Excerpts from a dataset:
== Segment start ==

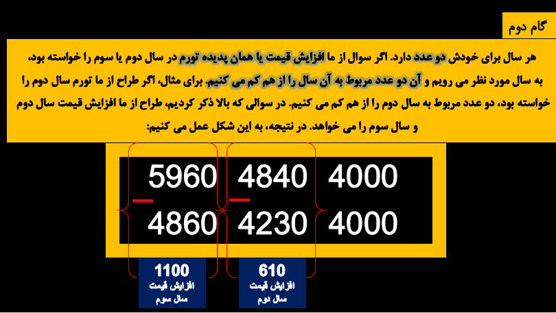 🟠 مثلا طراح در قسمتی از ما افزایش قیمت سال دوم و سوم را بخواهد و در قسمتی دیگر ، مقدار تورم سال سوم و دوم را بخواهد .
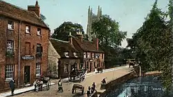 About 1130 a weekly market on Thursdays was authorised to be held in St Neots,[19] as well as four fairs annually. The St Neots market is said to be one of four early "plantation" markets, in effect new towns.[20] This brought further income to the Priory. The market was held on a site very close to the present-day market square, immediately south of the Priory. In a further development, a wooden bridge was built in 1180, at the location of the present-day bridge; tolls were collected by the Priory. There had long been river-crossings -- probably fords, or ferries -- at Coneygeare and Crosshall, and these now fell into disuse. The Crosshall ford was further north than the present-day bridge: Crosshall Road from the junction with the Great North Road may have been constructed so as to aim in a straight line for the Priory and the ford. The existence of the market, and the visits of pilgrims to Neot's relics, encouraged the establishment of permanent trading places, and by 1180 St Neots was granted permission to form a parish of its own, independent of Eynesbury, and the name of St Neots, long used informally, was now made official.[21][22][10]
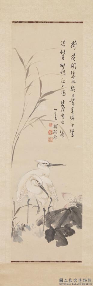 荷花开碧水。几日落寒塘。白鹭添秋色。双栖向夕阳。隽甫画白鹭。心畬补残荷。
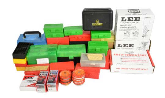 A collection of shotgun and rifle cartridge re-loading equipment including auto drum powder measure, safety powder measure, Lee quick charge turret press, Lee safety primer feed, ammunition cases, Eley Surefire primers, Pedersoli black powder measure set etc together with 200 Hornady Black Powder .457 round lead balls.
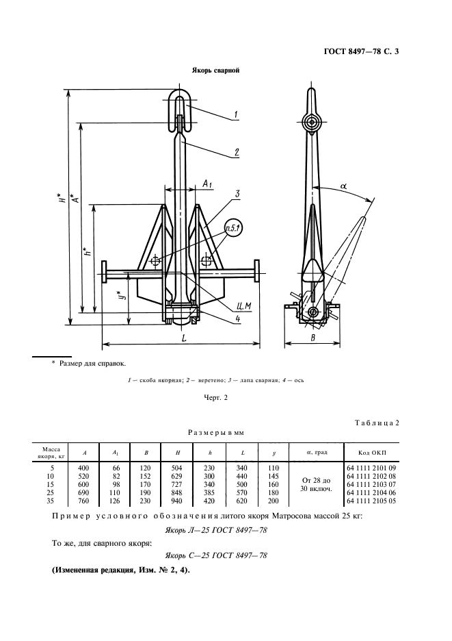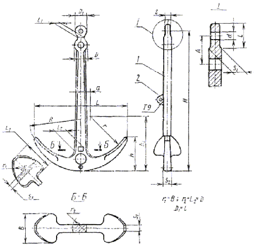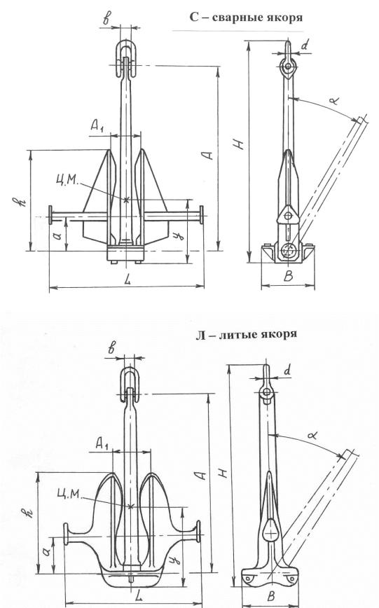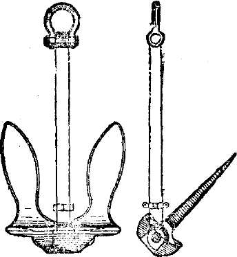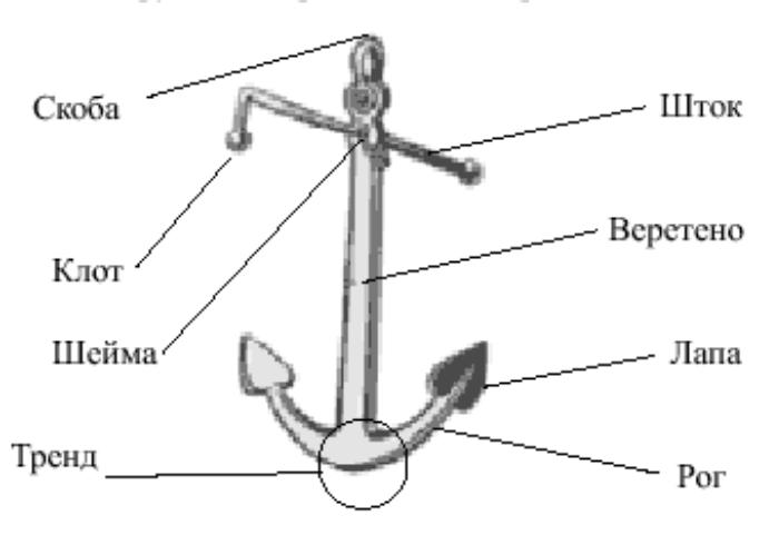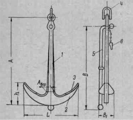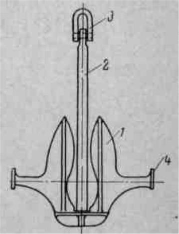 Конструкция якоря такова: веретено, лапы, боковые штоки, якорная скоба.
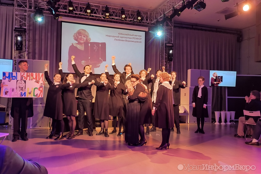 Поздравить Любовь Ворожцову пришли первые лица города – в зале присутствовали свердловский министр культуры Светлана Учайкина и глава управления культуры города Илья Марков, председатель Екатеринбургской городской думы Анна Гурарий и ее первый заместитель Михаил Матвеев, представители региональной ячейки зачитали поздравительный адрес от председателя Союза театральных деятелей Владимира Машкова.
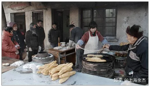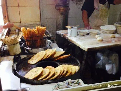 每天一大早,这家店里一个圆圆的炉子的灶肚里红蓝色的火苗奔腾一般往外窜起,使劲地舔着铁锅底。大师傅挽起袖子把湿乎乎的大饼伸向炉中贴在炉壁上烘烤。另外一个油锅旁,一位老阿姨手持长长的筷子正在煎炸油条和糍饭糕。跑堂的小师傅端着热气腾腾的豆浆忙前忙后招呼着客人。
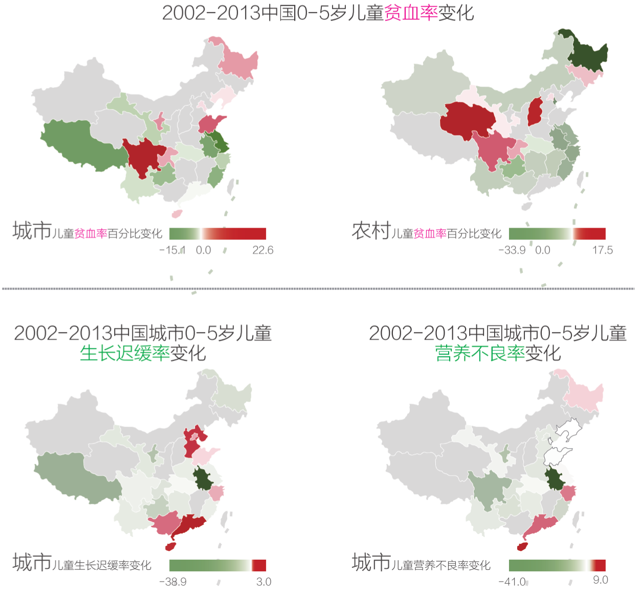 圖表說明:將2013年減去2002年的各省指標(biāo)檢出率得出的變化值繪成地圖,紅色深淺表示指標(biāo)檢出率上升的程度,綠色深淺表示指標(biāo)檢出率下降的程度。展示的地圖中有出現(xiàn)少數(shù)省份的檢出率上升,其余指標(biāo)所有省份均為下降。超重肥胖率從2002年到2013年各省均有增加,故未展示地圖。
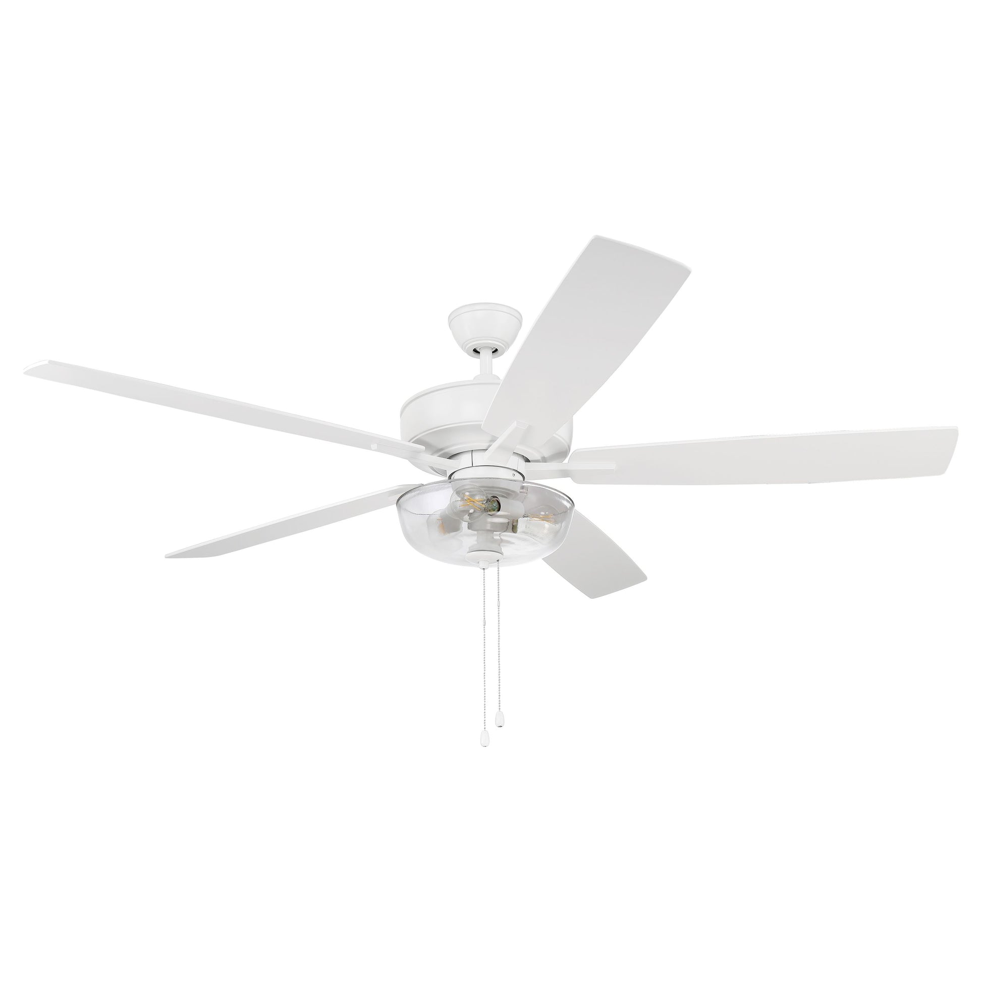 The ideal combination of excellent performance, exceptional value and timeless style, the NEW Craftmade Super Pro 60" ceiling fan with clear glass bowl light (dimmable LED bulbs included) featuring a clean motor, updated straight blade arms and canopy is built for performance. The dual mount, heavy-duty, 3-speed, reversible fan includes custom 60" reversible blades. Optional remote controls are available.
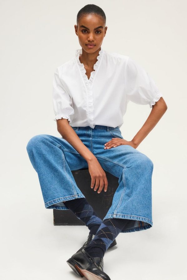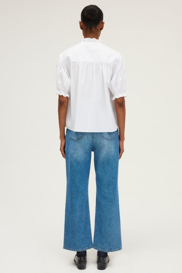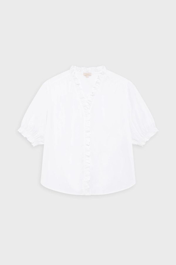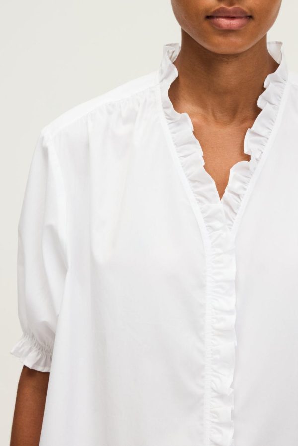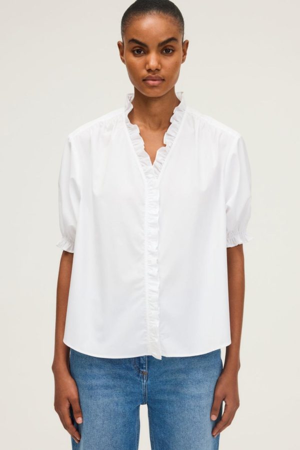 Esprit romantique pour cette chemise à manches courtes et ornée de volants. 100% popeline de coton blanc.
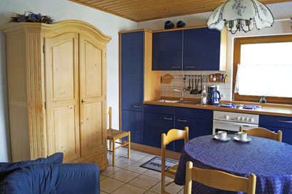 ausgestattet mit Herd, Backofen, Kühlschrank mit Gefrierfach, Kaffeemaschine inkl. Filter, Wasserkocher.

== Segment end ==

Task to complete – Give back all entries exactly. No pictures belong in the copy.

Output for this task –
 🟠 مثلا طراح در قسمتی از ما افزایش قیمت سال دوم و سوم را بخواهد و در قسمتی دیگر ، مقدار تورم سال سوم و دوم را بخواهد .
 About 1130 a weekly market on Thursdays was authorised to be held in St Neots,[19] as well as four fairs annually. The St Neots market is said to be one of four early "plantation" markets, in effect new towns.[20] This brought further income to the Priory. The market was held on a site very close to the present-day market square, immediately south of the Priory. In a further development, a wooden bridge was built in 1180, at the location of the present-day bridge; tolls were collected by the Priory. There had long been river-crossings -- probably fords, or ferries -- at Coneygeare and Crosshall, and these now fell into disuse. The Crosshall ford was further north than the present-day bridge: Crosshall Road from the junction with the Great North Road may have been constructed so as to aim in a straight line for the Priory and the ford. The existence of the market, and the visits of pilgrims to Neot's relics, encouraged the establishment of permanent trading places, and by 1180 St Neots was granted permission to form a parish of its own, independent of Eynesbury, and the name of St Neots, long used informally, was now made official.[21][22][10]
 荷花开碧水。几日落寒塘。白鹭添秋色。双栖向夕阳。隽甫画白鹭。心畬补残荷。
 A collection of shotgun and rifle cartridge re-loading equipment including auto drum powder measure, safety powder measure, Lee quick charge turret press, Lee safety primer feed, ammunition cases, Eley Surefire primers, Pedersoli black powder measure set etc together with 200 Hornady Black Powder .457 round lead balls.
 Конструкция якоря такова: веретено, лапы, боковые штоки, якорная скоба.
 Поздравить Любовь Ворожцову пришли первые лица города – в зале присутствовали свердловский министр культуры Светлана Учайкина и глава управления культуры города Илья Марков, председатель Екатеринбургской городской думы Анна Гурарий и ее первый заместитель Михаил Матвеев, представители региональной ячейки зачитали поздравительный адрес от председателя Союза театральных деятелей Владимира Машкова.
 每天一大早,这家店里一个圆圆的炉子的灶肚里红蓝色的火苗奔腾一般往外窜起,使劲地舔着铁锅底。大师傅挽起袖子把湿乎乎的大饼伸向炉中贴在炉壁上烘烤。另外一个油锅旁,一位老阿姨手持长长的筷子正在煎炸油条和糍饭糕。跑堂的小师傅端着热气腾腾的豆浆忙前忙后招呼着客人。
 圖表說明:將2013年減去2002年的各省指標(biāo)檢出率得出的變化值繪成地圖,紅色深淺表示指標(biāo)檢出率上升的程度,綠色深淺表示指標(biāo)檢出率下降的程度。展示的地圖中有出現(xiàn)少數(shù)省份的檢出率上升,其余指標(biāo)所有省份均為下降。超重肥胖率從2002年到2013年各省均有增加,故未展示地圖。
 The ideal combination of excellent performance, exceptional value and timeless style, the NEW Craftmade Super Pro 60" ceiling fan with clear glass bowl light (dimmable LED bulbs included) featuring a clean motor, updated straight blade arms and canopy is built for performance. The dual mount, heavy-duty, 3-speed, reversible fan includes custom 60" reversible blades. Optional remote controls are available.
 Esprit romantique pour cette chemise à manches courtes et ornée de volants. 100% popeline de coton blanc.
 ausgestattet mit Herd, Backofen, Kühlschrank mit Gefrierfach, Kaffeemaschine inkl. Filter, Wasserkocher.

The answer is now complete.